Having said that, it is better if a person can wait for some time before finalising the marriage or buying the female-slave in order to test the longing of his heart for her because as every sensible person knows, the ‘self’ longs and yearns for a matter either because it is untried or because of love. If it was the latter, he should proceed so long he is sure that his yearning for her is because of his love. ‘Ataa Al-Kharasani said, “It is written in the Torah that marriage without love is a regret and misery until the Day of Judgement.” The second step is to investigate the character of the chosen individual because manners are from the hidden aspect of the person – if it doesn’t exist will make the woman look pretty, but one grew up in an unruly house, and since having well raised children is also a purpose of marriage, then the good character of one who will bear the child is vital.

Having one’s desires fulfilled [lawfully] in order to free the heart and mind from such distractions is a cardinal pillar as it will devote the heart towards minding one’s other important matters. When a person finishes from subsequent side tasks will he then be able to focus on his original major tasks. This is why the Prophet صلى الله عليه وسلم said,

“A judge should never rule between two persons when he is angry” [1] and he صلى الله عليه وسلم also said,

“When dinner is served at the time of Isha Prayer, eat your dinner first.” [2]

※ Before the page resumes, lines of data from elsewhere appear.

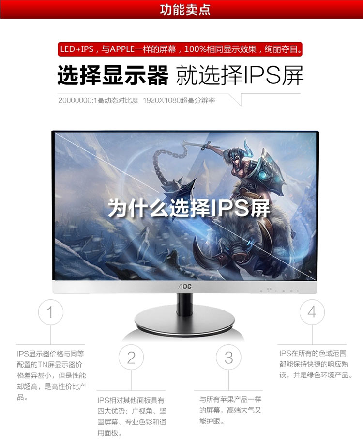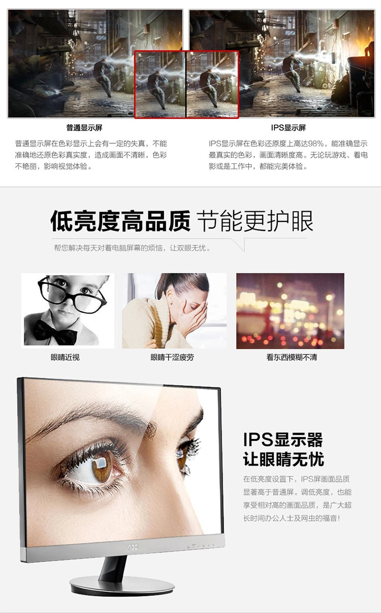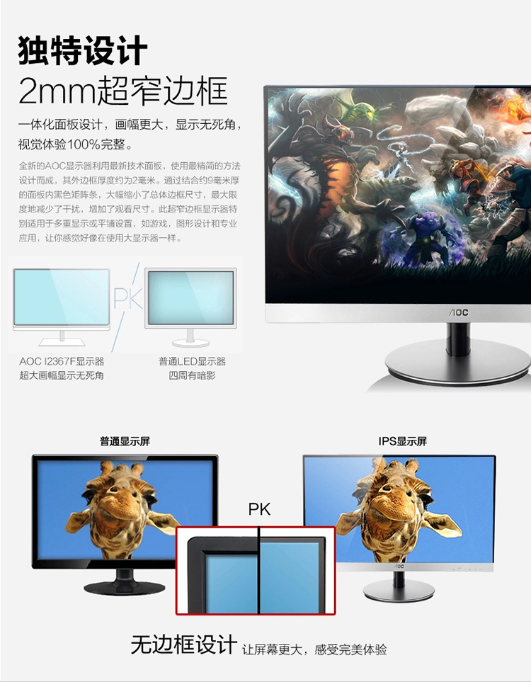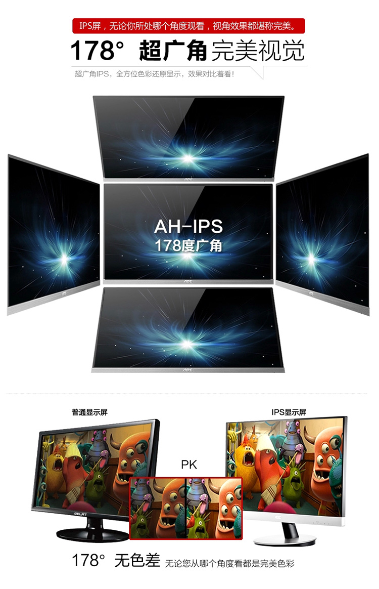 超窄边框LED显示器,边框仅2mm 采用新一代IPS广视角技术(AH-IPS) 画面更锐利,视角更广 Clear Vision 功能,使低分辨率的画面和文字更清晰,更锐利 LED背光灯技术打造绿色环保显示器 DCR丽比技术,对比度高达20,000,000:1 |
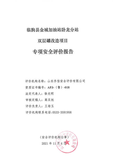 | 臨朐縣金城加油站臥龍分站雙層罐改造項目專項安全評價報告項目 |
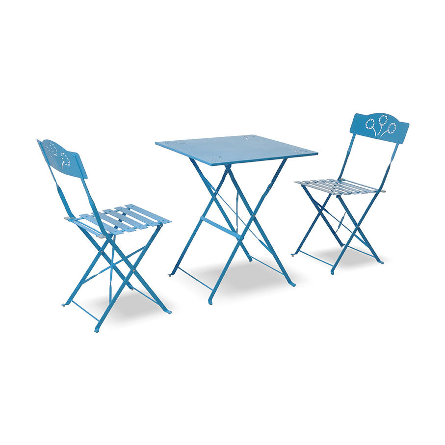 Set da Giardino Pieghevole In Ferro con Tavolo e 2 Sedie Taddei Bistro Azzurro
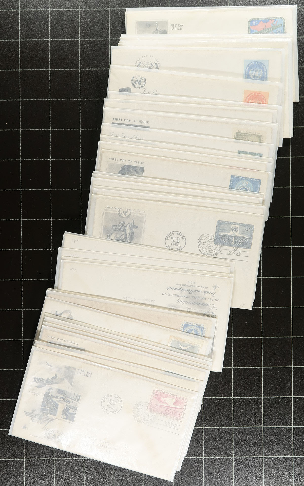 Nice group of roughly 600 first day covers, 1950's-1990's, noting singles, sets, blocks, plate blocks, and souvenir sheet frankings. A nice lot for cover collectors and thematic / topical specialists as we encountered several suitable subjects, and various cachets for some issues. Overall fine to very fine. Estimate =
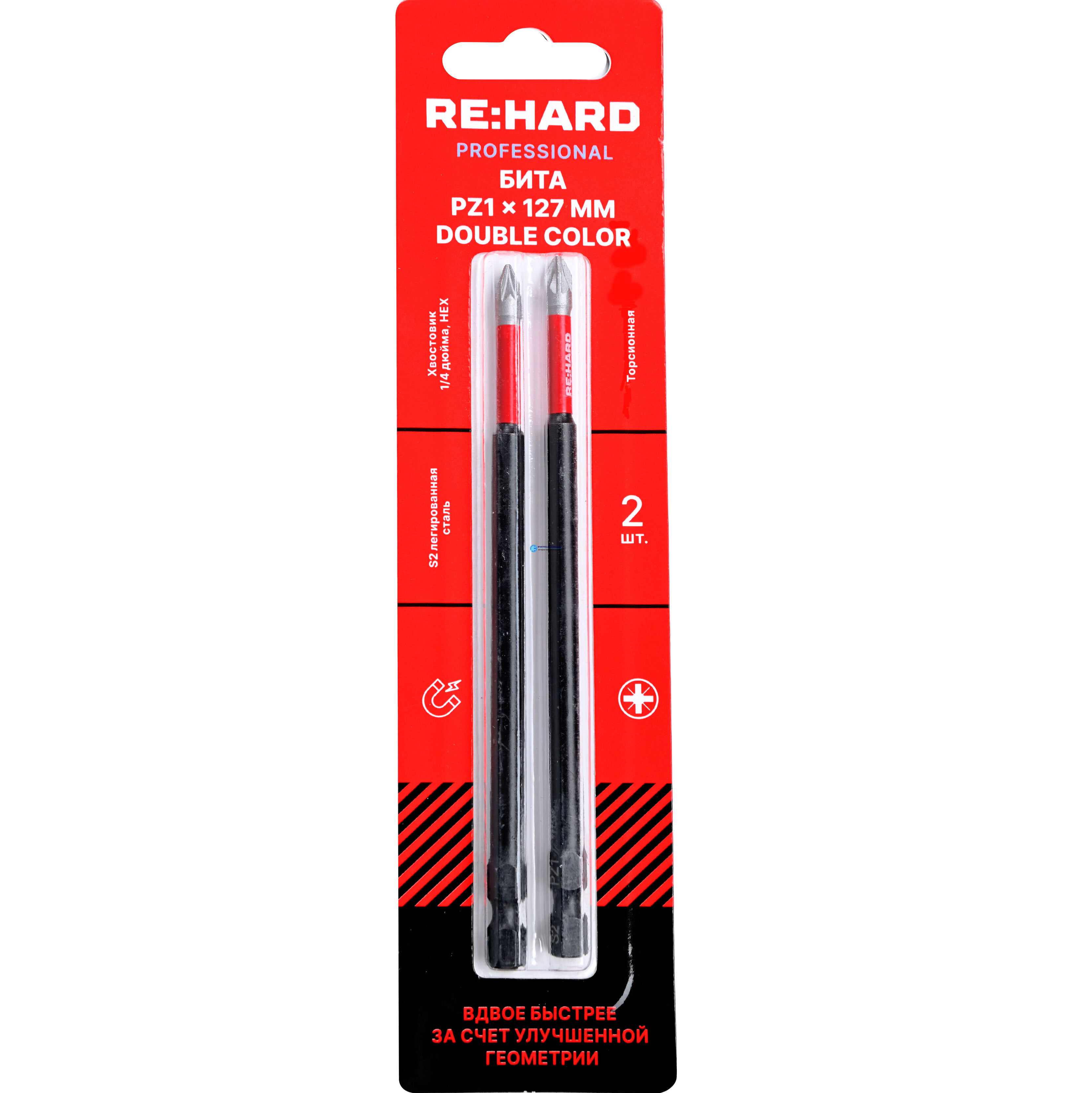 Бита для шуруповерта торсионная (ударная) PZ1х127 мм двойной цвет S2, 2 шт. RH127PZ1TDC RE:HARD
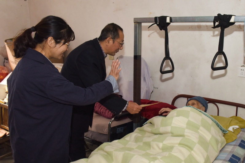 慰問人員還來到了農(nóng)場振興小區(qū),向居住在女兒家并癱瘓在床上的丁吉女表達(dá)了節(jié)日的問候,并遞上了慰問金。
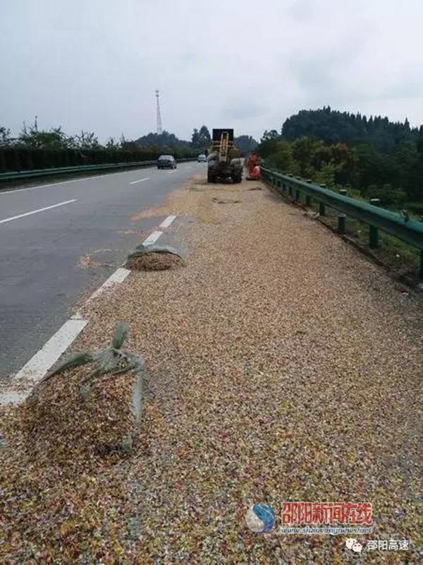 当日上午9时许,省高管局邵阳管理处大水养护所巡逻人员巡逻至沪昆高速邵怀段K1287+400至K1286+800处,看到左半幅路面一片色彩斑斓。见此,工作人员立即将车辆打开警示灯,并立即下车查看。原来,路面上有大量的彩色塑料颗粒,覆盖了行车道和应急车道,严重影响行车安全。
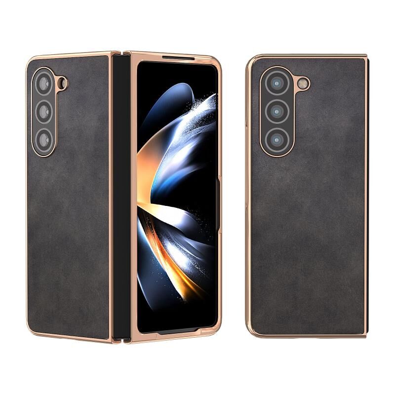 Για Samsung Galaxy Z Fold5 Nano ηλεκτρολυτική διπλού χρώματος δέρμα αγελάδας υφή Προστατευτική θήκη τηλεφώνου (μαύρο)
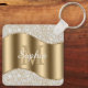 Large Gold Monogram, White Script Name, Diamonds Keychain
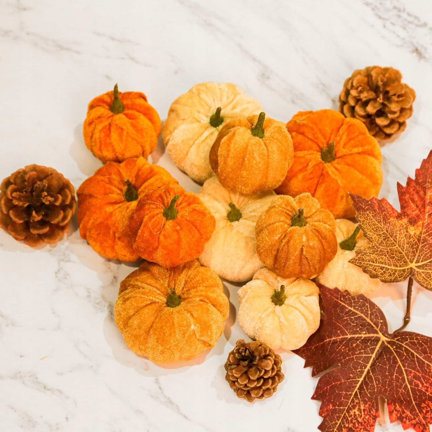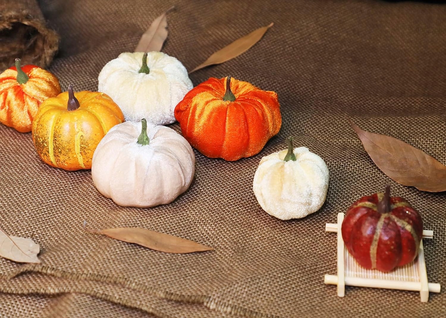 Искусственные тыквы, бархатисты, украшение - 12 штук
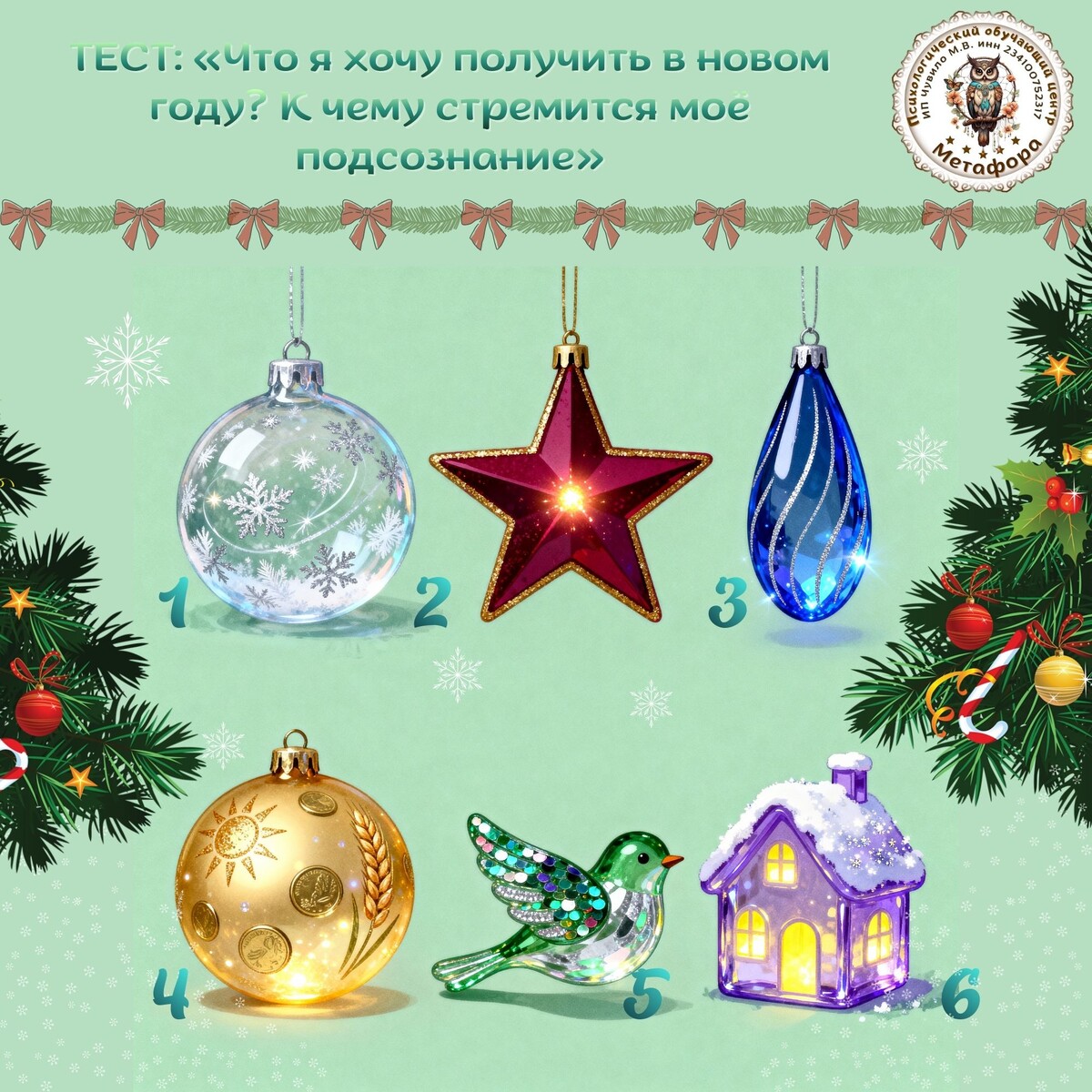 Что я хочу получить в новом году? Новый год всегда приносит с собой особую магию. Это момент, когда даже самые тихие желания становятся чуть громче, а внутренние интуитивные ответы — яснее. Иногда мы думаем, что движемся к одним целям… А подсознание тихо подталкивает к совсем другим — более настоящим, важным, созвучным душе.❄ Сегодня я приглашаю вас в небольшой новогодний тест. Простой, но удивительно точный. Перед вами — шесть ёлочных игрушек.🎄 У каждой свой характер, энергия и послание. Посмотрите на них так, словно выбираете украшение на свою личную волшебную ёлку… и отметьте ту, которая откликается первой. Не думайте. Не анализируйте. Просто доверьтесь ощущению — подсознание всегда знает верный путь.✨ А потом прочитайте, что выбор говорит о том, чего ваша внутренняя часть хочет получить в наступающем году. Готовы узнать своё новогоднее пос
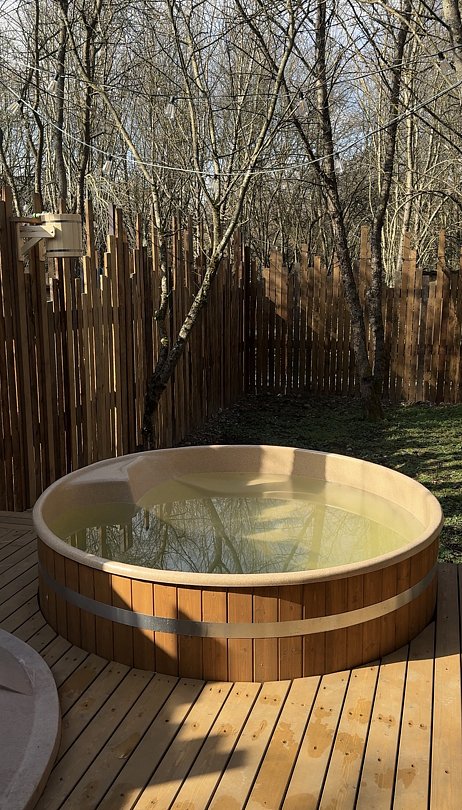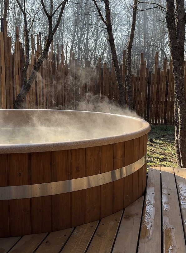 Горячая расслабляющая купель. Одной топки хватит на 4-6 часов (в зависимости от времени года).
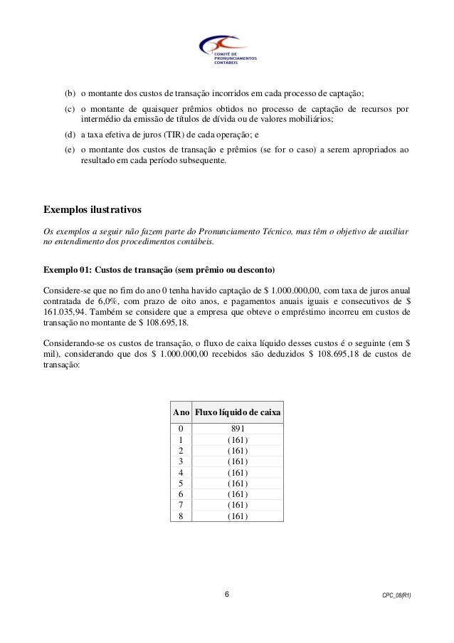 Pronunciamento Tecnico Cpc 08 R1 Custos De Transacao E Premios
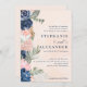 Elegant Peach and Blue Flower Formal Wedding Invitation
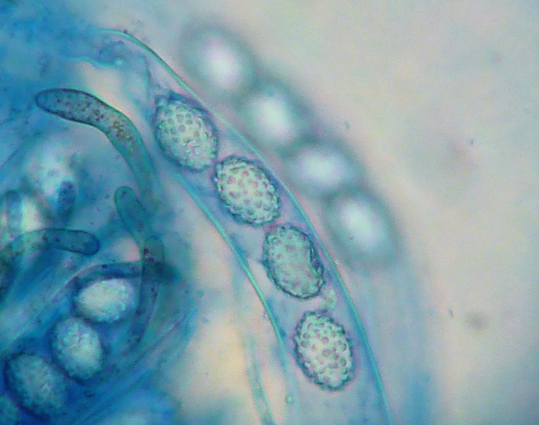 Nachtrag:Ich bin inzwischen dazu übergegangen, die Sporenmasse aus dem Perithecium herauszupulen und ohne das zu mikroskopieren. Die Perithecien sind oft so dick und hart, dass die Probe nicht plan unter dem Objektträger liegt. Das verzerrt dann den Blickwinkel und erschwert das vermessen.

That being said, when a person finds a woman whose image is as good as her character (i.e. a well-mannered woman with a pleasant look), he should overlook her flaws and shortcomings, and she should try her best to please him without being too distant so he does not forget her, or being too close so he does not get bored with her. Furthermore, she should beautify herself in the manner he likes so she maintains and fulfils the sexual needs of both of them, leading to her pregnancy and providing a child. Following the precautions I have outlined previously, such relationships last and suffice each partner without the need for them to look for other options. However, if the man can afford having another woman [in a lawful manner], and knows that will help him to relieve his heart from all distractions and make him focused on fulfilling his other duties, it would better for him in such a case. Yet, should he fear jealousy between the two women adding more distraction to his heart, which we are so concerned to maintain its focus, or should he fear the new woman will distract him from remembering his Hereafter or require him to compromise his piety, then he should suffice with one wife.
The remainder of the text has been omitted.